Neues Gesetz:Beleg und Semmeln

Händler wehren sich gegen Pflicht, auch bei kleinsten Einkäufen Kassenbons zu drucken

Von Bernhard Hiergeist

Etwa 800 Kunden pro Tag hat Matthias Kehr im Kiosk an der Münchner Freiheit. Einer kauft eine Zeitschrift und eine Limo, ein anderer ein Feuerzeug oder eine Schachtel Zigaretten. Kiosk-Geschäft eben, vieles davon sind Kleinbeträge. Doch im kommenden Jahr muss Kehr für jeden Einkauf, und seien es nur ein paar Cent, einen Kassenbon ausgeben. "Da kommt pro Tag natürlich einiges zusammen", sagt er. "Die wenigsten Kunden wollen einen Kassenbon. So produzieren wir unnötig Müll."

Den unnötigen Müll erfordert die sogenannte Kassensicherungsverordnung, die am 1. Januar in Kraft tritt. Besitzt ein Betrieb eine elektronische Kasse, muss diese spätestens im Oktober über eine "zertifizierte technische Sicherheitseinrichtung" verfügen, wie das Bundesfinanzministerium (BMF) mitteilt. Unterschied zu jetzt: Betriebe haben dann eine "Belegausgabepflicht" - Kunden allerdings keine Mitnahmepflicht. Supermärkte und Kaufhäuser drucken Bons schon bisher meist standardmäßig, Kioske, Imbissbuden oder Bäckereien eher nicht. "Totaler Quatsch", sagt ein Sprecher des Handelsverbands Bayern. "Das sind einige Millionen Bons im Jahr, die man sich sparen könnte."

Dem BMF geht es um "verstärkte Transparenz im Kampf gegen Steuerbetrug". Wie groß das Problem ist, weiß man im Ministerium aber nicht: "Bei der Kassenmanipulation handelt es um ein Dunkelfeld, so dass der Schaden für die Allgemeinheit nicht bezifferbar ist." Papier also als die ultimative Sicherheit? Das BMF weist darauf hin, dass Belege ja auch "per Mail oder auf das Handy" ausgegeben werden könnten. Aber wie soll das funktionieren? "Da müssten wir ja Kundendaten sammeln und eine ganz eigene Plattform anbieten", sagt Magnus Müller-Rischart, Inhaber des Münchner Bäcker-Unternehmens Rischart. Er verweist darauf, dass elektronische Kassen seit Jahren immer enger mit dem Finanzamt kommunizierten. Sie zeichneten alle Vorgänge auf, es gebe Speicher- und Aufbewahrungspflichten. "Selbst wenn man wollte, könnte man nichts manipulieren." Auch er findet den Müll unnötig. "Wenn Sie einen Beleg für Ihre Breze haben wollten, haben Sie den immer schon bekommen", sagt er. Insofern sei man vorbereitet. Aber die allermeisten Kunden verlangten eben keinen.

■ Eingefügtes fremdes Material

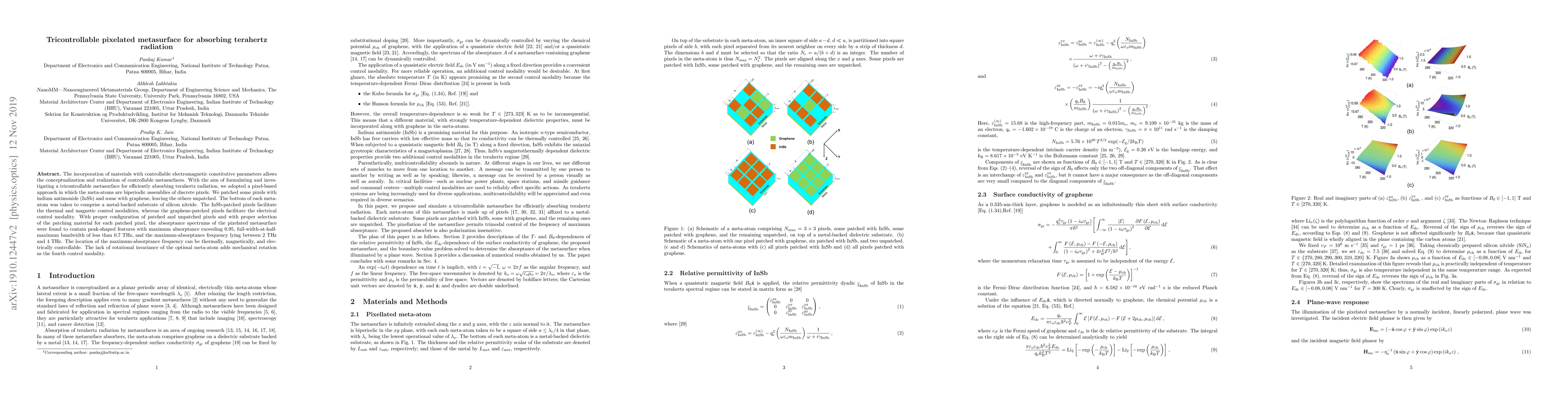 The incorporation of materials with controllable electromagnetic constitutive parameters allows the conceptualization and realization of controllable metasurfaces. With the aim of formulating and investigating a tricontrollable metasurface for efficiently absorbing terahertz radiation, we adopted a pixel-based approach in which the meta-atoms are biperiodic assemblies of discrete pixels. We patched some pixels with indium antimonide (InSb) and some with graphene, leaving the others unpatched. The bottom of each meta-atom was taken to comprise a metal-backed substrate of silicon nitride. The InSb-patched pixels facilitate the thermal and magnetic control modalities, whereas the graphene-patched pixels facilitate the electrical control modality. With proper configuration of patched and unpatched pixels and with proper selection of the patching material for each patched pixel, the absorptance spectrums of the pixelated metasurface were found to contain peak-shaped features with maximum absorptance exceeding 0.95, full-width-at-half-maximum bandwidth of less than 0.7~THz, and the maximum-absorptance frequency lying between 2~THz and 4~THz. The location of the maximum-absorptance frequency can be thermally, magnetically, and electrically controllable. The lack of rotational invariance of the optimal meta-atom adds mechanical rotation as the fourth control modality.
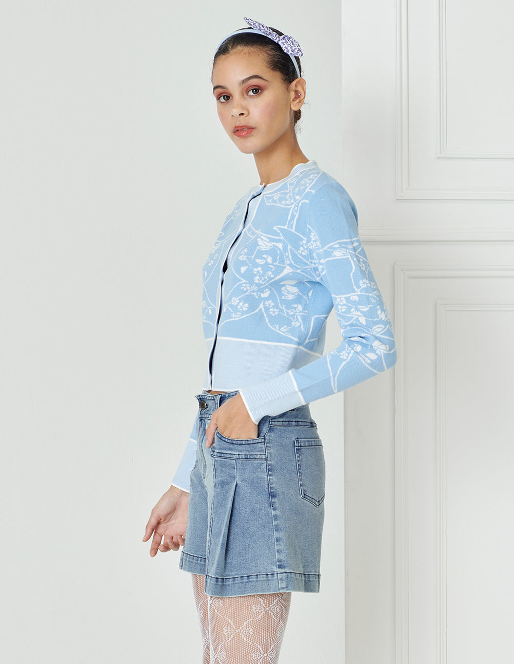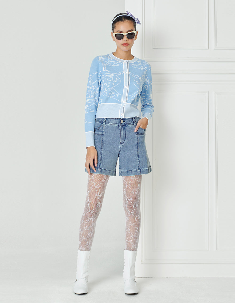 Denim shorts create a clean and simple shape with smooth tailoring, and the soft pleat design subtly interprets the brand DNA. Match it with the top of the same brand to create a simple, chic urban look.
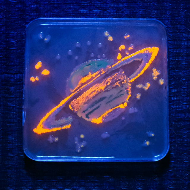 作品创意:作品以荧光菌落模拟出星球,将10⁻⁹米的生命结构与10⁹米的天体尺度融为一体。试图诠释“一花一世界”的哲思:多么渺小的局部,都可以全息的方式,映现整个宇宙的全部信息与壮丽图景。
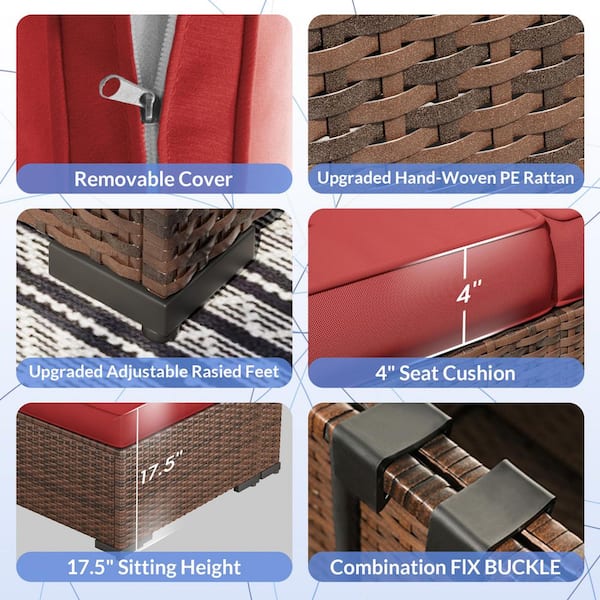 Brown Wicker Outdoor Loveseat with Cooling Cushions
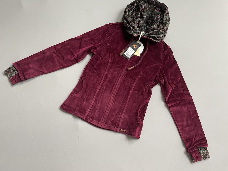 Jacke/ jacket aus organic Samt - hoher Kragen - Kapuze farblich abgesetzt - Kapuze mit Reißverschluss / Zipper Hoody - dicke, geflochtene Zugbänder für einen sprotlichen Look - Eingrifftaschen - Reißverschluss mit YKK Doppel-Zipper - glatte Stulpen im Armabschluss mit Daumenloch, farblich abgesetzt - designed in BERLIN
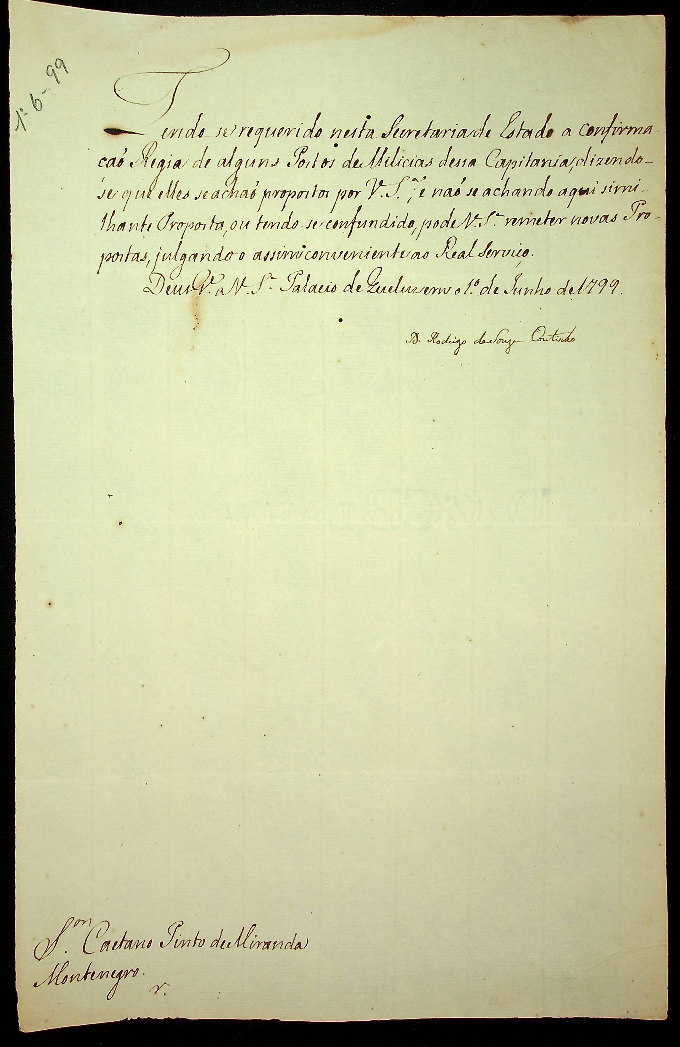 AVISO RÉGIO de D. Rodrigo de Souza Coutinho ao [Governador e Capitão General da Capitania de Mato Grosso] Caetano Pinto de Miranda e Montenegro.
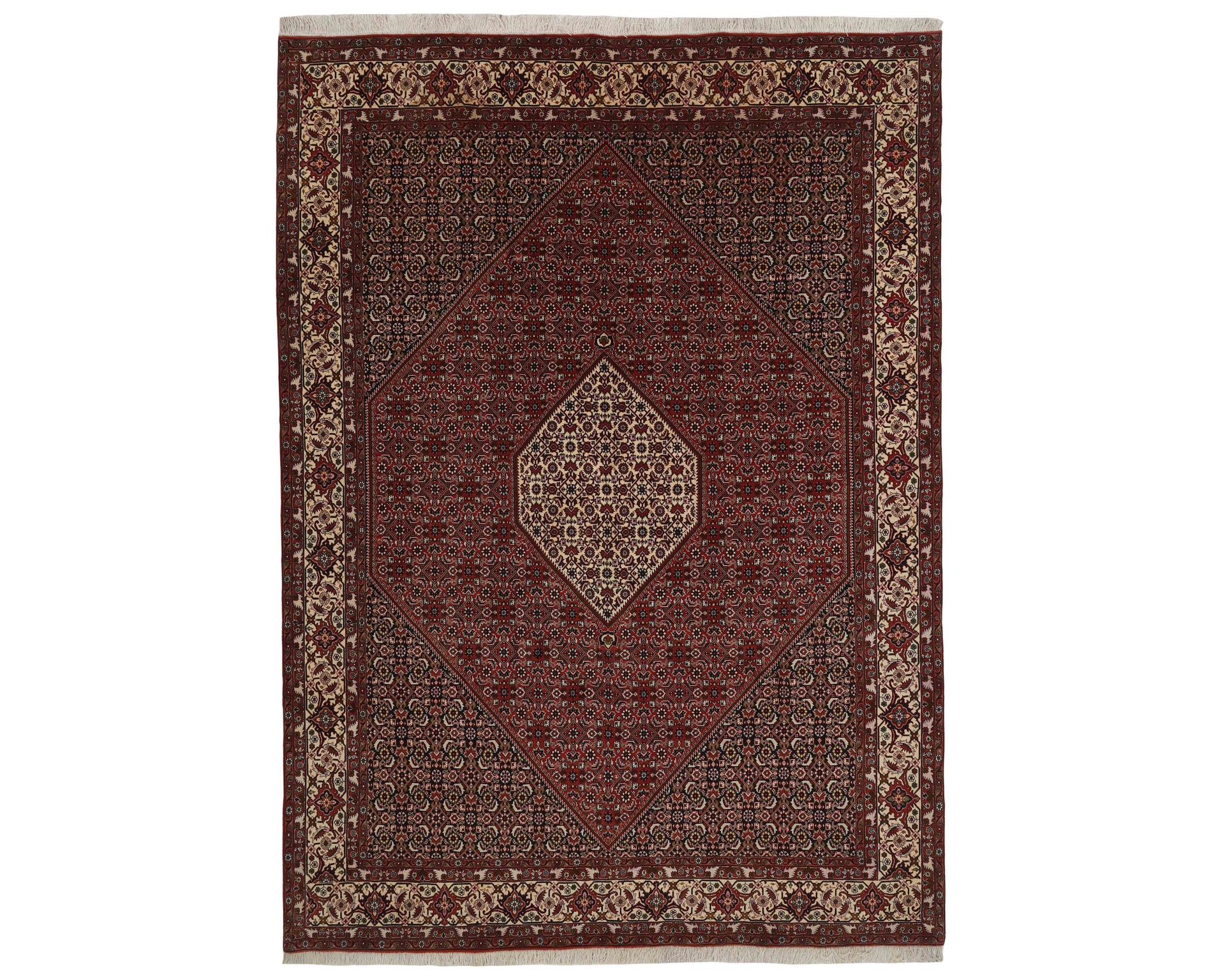 Bidjar Zandjan -matot tunnetaan poikkeuksellisen tiiviistä ja painavasta rakenteestaan. Ne ovat käsinsolmittuja villasta, ja niille ovat ominaisia punaisen eri sävyt, joita keventävät vaaleammat yksityiskohdat. Kuviointi perustuu pääasiassa perinteiseen Herati-kuvioon. Mattojen solmutiheys on 250 000–350 000 solmua neliömetrillä, ja ne suositellaan rullaamaan siten, että nukkapinta jää ulospäin, jotta solmut eivät vaurioidu. Käyttämätön.

Kassen, die schwerer umzurüsten sind, dürfen unter bestimmten Bedingungen länger als bis Ende September genutzt werden. Und selbst wer danach keine Belege ausgibt, hat erst einmal nichts zu befürchten: Die Verordnung sieht keine Bußgelder vor. Ein Verstoß "könnte aber als Indiz dafür gewertet werden, dass den Aufzeichnungspflichten nicht entsprochen wurde", warnt das BMF. Die Finanzämter schauen unter Umständen genauer hin. Unternehmer, die das vermeiden möchten, können sich von der Belegausgabepflicht befreien lassen: Wer Waren an eine Vielzahl unbekannter Personen verkauft, kann mit Zustimmung des jeweiligen Finanzamtes auf den Papierbeleg verzichten. Allerdings nur, wenn für den Betrieb nachweislich eine "sachliche Härte" vorliegt, teilt das Bayerische Finanzministerium dazu mit. Worin eine solche bestehen könnte, sagen die Ministeriellen nicht. Sie verweisen nur darauf, dass "höhere Kosten" nicht als Grund ausreichen.

Möglich, dass viele Betriebe erst einmal spuren. Oder versuchen, das Beste daraus zu machen: Die Hofpfisterei druckt schon länger alle Belege aus und ist vor einiger Zeit von Thermo- auf Öko-Papier umgestiegen. Das hat einen bläulichen Farbstich und ist etwas teuer - ein Grund, warum es sich für kleine Betriebe wie den Kiosk an der Münchner Freiheit nicht lohnt. Für die Hofpfisterei, die in und um München gut 120 Filialen betreibt, war der Schritt leichter zu gehen. Die Bons wandern zwar auch in den Müll, können aber immerhin recycelt werden.